## GOAL OF THE EXERCISE
Print the data below exactly as it stands, and keep the pictures out.

◇ ◇ ◇ ◇ ◇ ◇ ◇

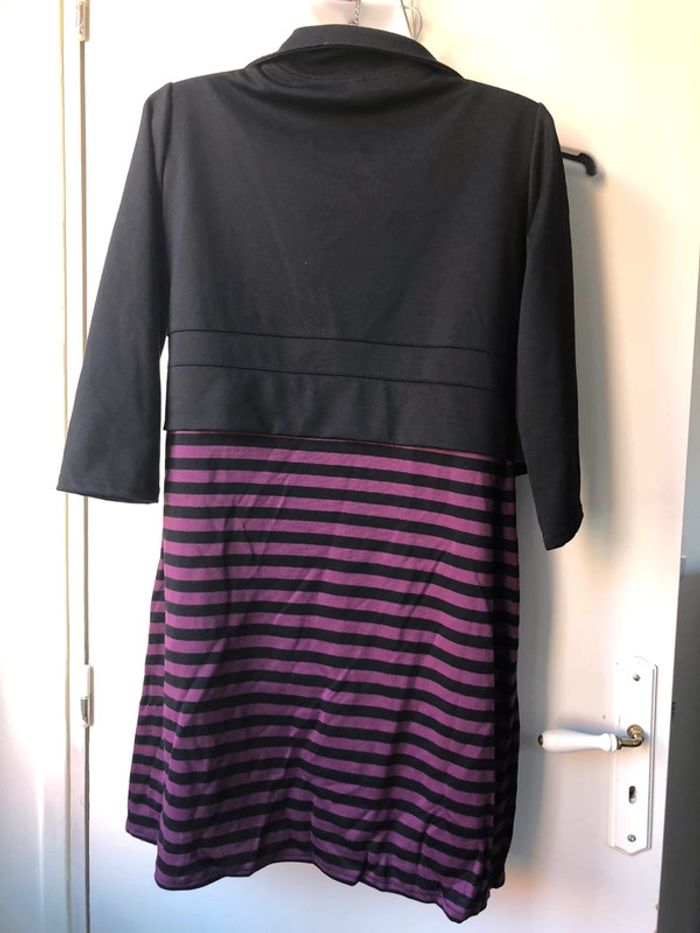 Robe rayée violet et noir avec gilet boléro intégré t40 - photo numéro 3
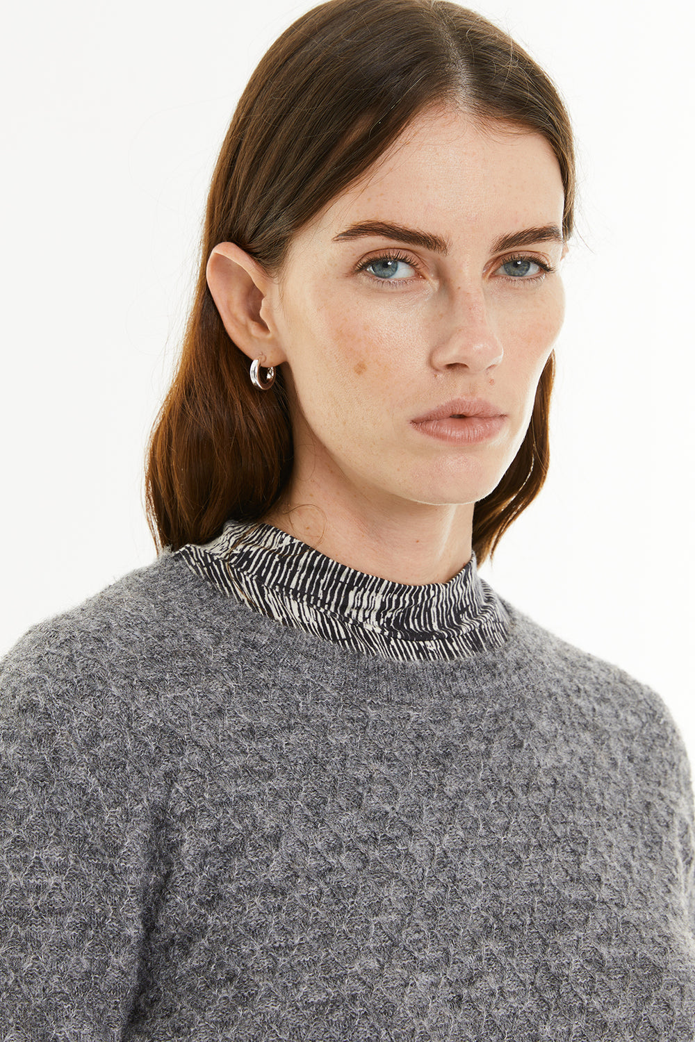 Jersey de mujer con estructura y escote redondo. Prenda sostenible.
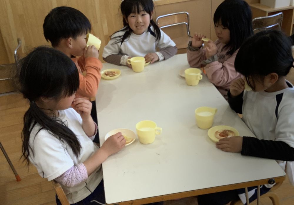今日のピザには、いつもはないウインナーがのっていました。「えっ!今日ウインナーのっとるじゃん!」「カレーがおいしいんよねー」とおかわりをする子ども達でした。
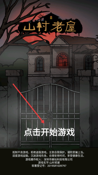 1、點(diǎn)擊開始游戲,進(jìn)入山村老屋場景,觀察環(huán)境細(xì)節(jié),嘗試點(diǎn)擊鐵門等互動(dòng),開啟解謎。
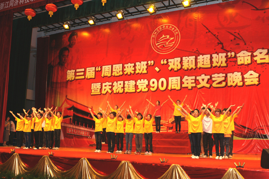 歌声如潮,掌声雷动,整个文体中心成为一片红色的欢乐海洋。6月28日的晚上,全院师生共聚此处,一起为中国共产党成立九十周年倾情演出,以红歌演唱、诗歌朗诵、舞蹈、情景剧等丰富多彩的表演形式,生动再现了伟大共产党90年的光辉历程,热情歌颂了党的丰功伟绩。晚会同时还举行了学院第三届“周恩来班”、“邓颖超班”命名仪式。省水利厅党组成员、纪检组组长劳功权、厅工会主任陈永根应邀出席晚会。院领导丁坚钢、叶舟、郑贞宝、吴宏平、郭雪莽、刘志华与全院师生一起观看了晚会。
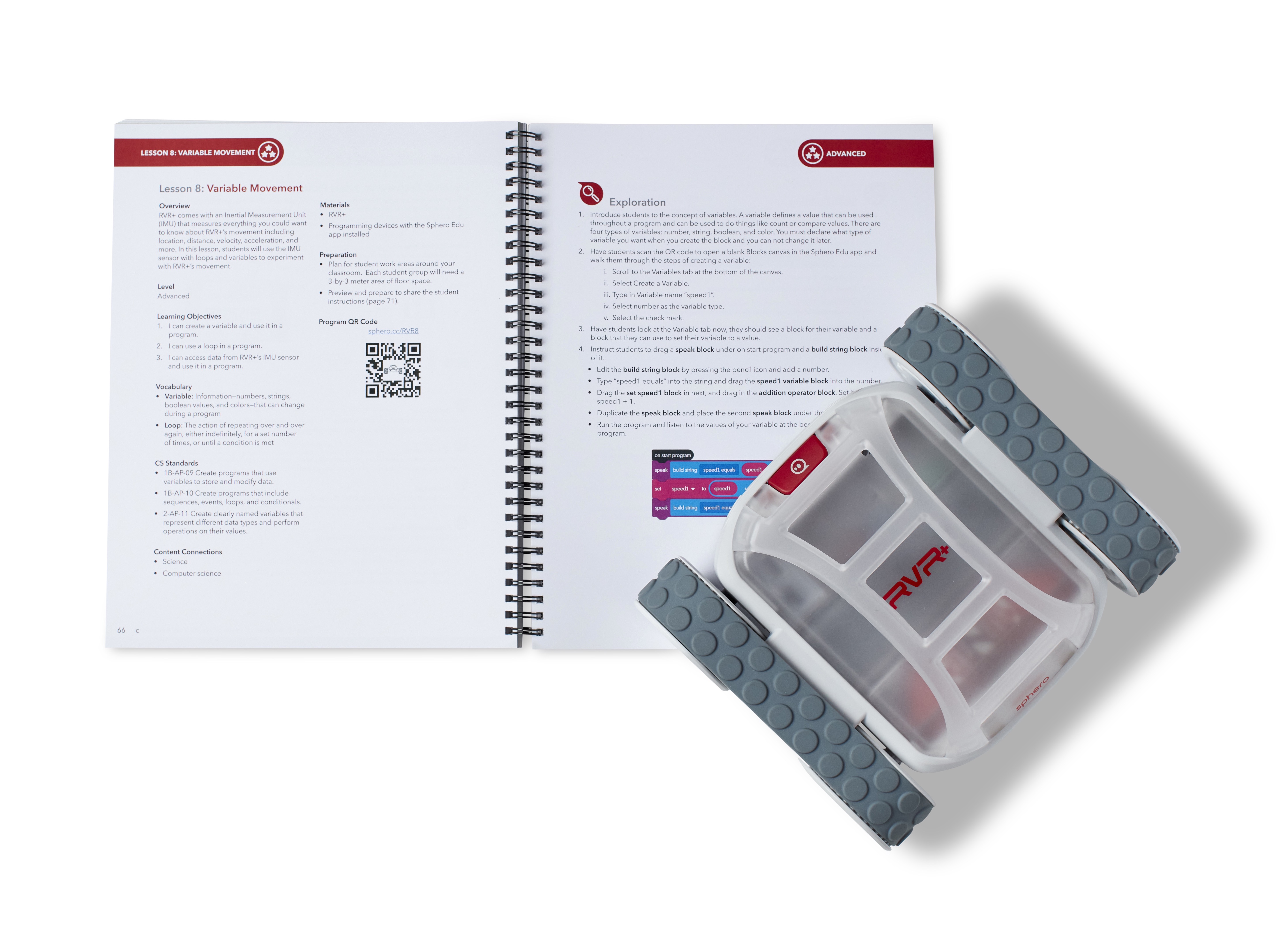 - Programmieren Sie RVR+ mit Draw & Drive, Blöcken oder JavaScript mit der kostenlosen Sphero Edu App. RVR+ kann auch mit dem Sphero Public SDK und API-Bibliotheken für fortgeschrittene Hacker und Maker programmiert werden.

◇ ◇ ◇ ◇ ◇ ◇ ◇

## FINISHED TASK
 Robe rayée violet et noir avec gilet boléro intégré t40 - photo numéro 3
 Jersey de mujer con estructura y escote redondo. Prenda sostenible.
今日のピザには、いつもはないウインナーがのっていました。「えっ!今日ウインナーのっとるじゃん!」「カレーがおいしいんよねー」とおかわりをする子ども達でした。
 1、點(diǎn)擊開始游戲,進(jìn)入山村老屋場景,觀察環(huán)境細(xì)節(jié),嘗試點(diǎn)擊鐵門等互動(dòng),開啟解謎。
 歌声如潮,掌声雷动,整个文体中心成为一片红色的欢乐海洋。6月28日的晚上,全院师生共聚此处,一起为中国共产党成立九十周年倾情演出,以红歌演唱、诗歌朗诵、舞蹈、情景剧等丰富多彩的表演形式,生动再现了伟大共产党90年的光辉历程,热情歌颂了党的丰功伟绩。晚会同时还举行了学院第三届“周恩来班”、“邓颖超班”命名仪式。省水利厅党组成员、纪检组组长劳功权、厅工会主任陈永根应邀出席晚会。院领导丁坚钢、叶舟、郑贞宝、吴宏平、郭雪莽、刘志华与全院师生一起观看了晚会。
 - Programmieren Sie RVR+ mit Draw & Drive, Blöcken oder JavaScript mit der kostenlosen Sphero Edu App. RVR+ kann auch mit dem Sphero Public SDK und API-Bibliotheken für fortgeschrittene Hacker und Maker programmiert werden.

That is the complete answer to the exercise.